Multiple Choice Questions
1. How does Beauvoir explain that technics (technology) is not objectively justified?
(a) Technics depends on science for its gains, but science only has purpose when it can transcend time.
(b) Technics can have significant benefit for projects in the present, but too often it fuels the desire to accept the Aesthetic Attitude.
(c) Technics makes the absolute goal of saving time and work of life, but life only gains meaning when time and work are spent.
(d) Technics too often aims at expanding freedom, but ends up causing individuals to be absorbed into the seriousness of projects.
2. What does Beauvoir claim to be the affect of rejecting any extrinsic justification for internal choices?
(a) Such rejection would lead to the erosion of any social order that makes choice useful.
(b) Such rejection would also reject the original pessimism which she seeks to address with her work.
(c) Such rejection also eliminates any standard by which choices are determined to be useful.
(d) Such rejection also removes the motivations upon passions are fueled.
3. How does Beauvoir explain how goals supplant freedom in the life of the serious man?
(a) The serious man is defined by his goal not by his choices or acts.
(b) Goals become the means of defining the existence of the serious man at the cost of freedom and individually defining his ethics.
(c) Rather than finding freedom in choosing goals, the serious man chooses goals to avoid his freedom.
(d) The serious man rejects all independent thought for the sake of achieving his goal.
4. What does Beauvoir indicate can sometimes happen when there is a failure of the serious?
(a) It can bring about a radical disorder.
(b) Sometimes the serious man will revert to his childhood and depend on others for his purpose.
(c) Sometimes the serious man will recognize his ambiguity and act freely to establish an ethic to help him through his failure.
(d) The serious man will have to rely on what training he had as a child to deal with failure.

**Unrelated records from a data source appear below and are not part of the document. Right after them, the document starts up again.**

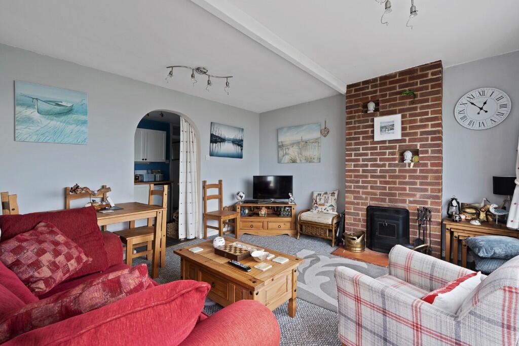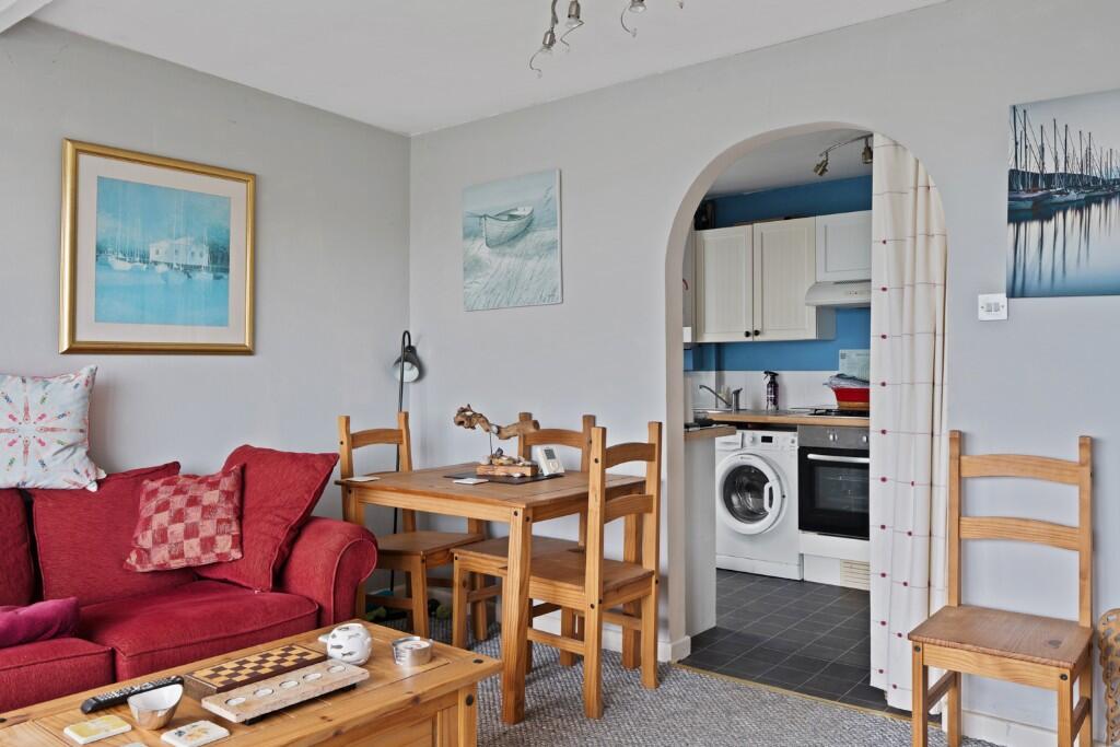 This is a two-bedroom chalet in Warsash, Hampshire. The property is located within the Solent Breezes Holiday Park. The interior appears to be in good condition, with a modern kitchen and bathroom. The property benefits from a small garden/patio area. The location is desirable, with good schools and transportation links nearby. The asking price of £299,950 seems reasonable compared to average property prices in the area.
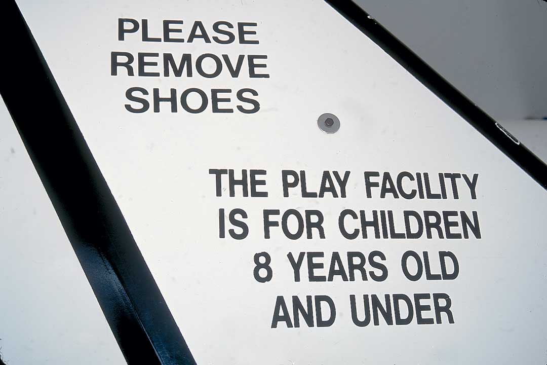 - Age Group signs or labels can either go on every piece of equipment, at the known entrance(s) to the playground, or the 3-point placement method. *CAVEAT: be careful not to install conflicting age range signs or labels. This is more common than you might imagine.
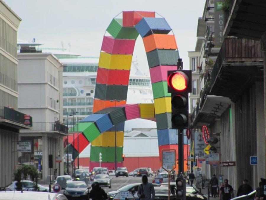 Quai de Southampton, tout au sud de la rue de Paris, La Catène de containers, l’oeuvre monumentale et emblématique des 500 ans du Havre, signée Vincent Ganivet, photographiée le samedi 19 août 2017. Copyright : Edouard Paris
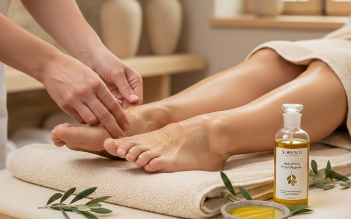 Conçu pour les pieds secs, fatigués ou sensibilisés, ce soin expert associe l’huile d’olive hyper‑oxygénée SORESCO à un massage enveloppant pour nourrir intensément, apaiser et restaurer le confort cutané.
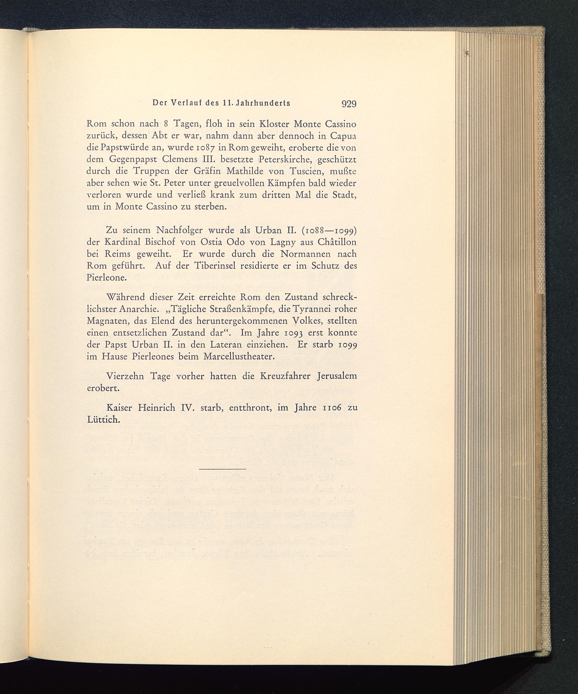 Rom schon nach 8 Tagen, floh in sein Kloster Monte Cassino zurück, dessen Abt er war, nahm dann aber dennoch in Capuadie Papstwürde an, wurde 1087 in Rom geweiht, eroberte die vondem Gegenpapst Clemens III. besetzte Peterskirche, geschütztdurch die Truppen der Gräfin Mathilde von Tuscien, mußteaber sehen wie St. Peter unter greuelvollen Kämpfen bald wiederverloren wurde und verließ krank zum dritten Mal die Stadt,um in Monte Cassino zu sterben.
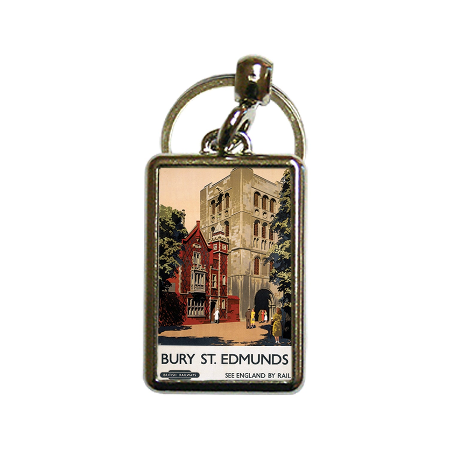 Vintage Railway Poster Keyring of Bury St. Edmunds - Red Building. Keyfob measures 4x3cm. Proudly printed in the UK.

5. How will an oppressor use history to justify his oppression, according to Beauvoir?
(a) He will point out only past actions of his benevolence.
(b) He will subjectively use the past to justify his power.
(c) He will create new history to confuse his enemies.
(d) He will negative aspects of history that existed before his power was attained.
Short Answer Questions
1. In the face of emerging violence of man's growing mastery of the world, what does Beauvoir suggest to individuals who seek to navigate it?
2. When does Beauvoir claim that science acquires meaning?
3. According to Beauvoir, what stops an individual's life from appearing as a negligible thing?
4. How does Beauvoir characterize the fate of the "sub-man"?
5. How does Beauvoir characterize the response of Western women when the structures that shelter them seem to be in danger?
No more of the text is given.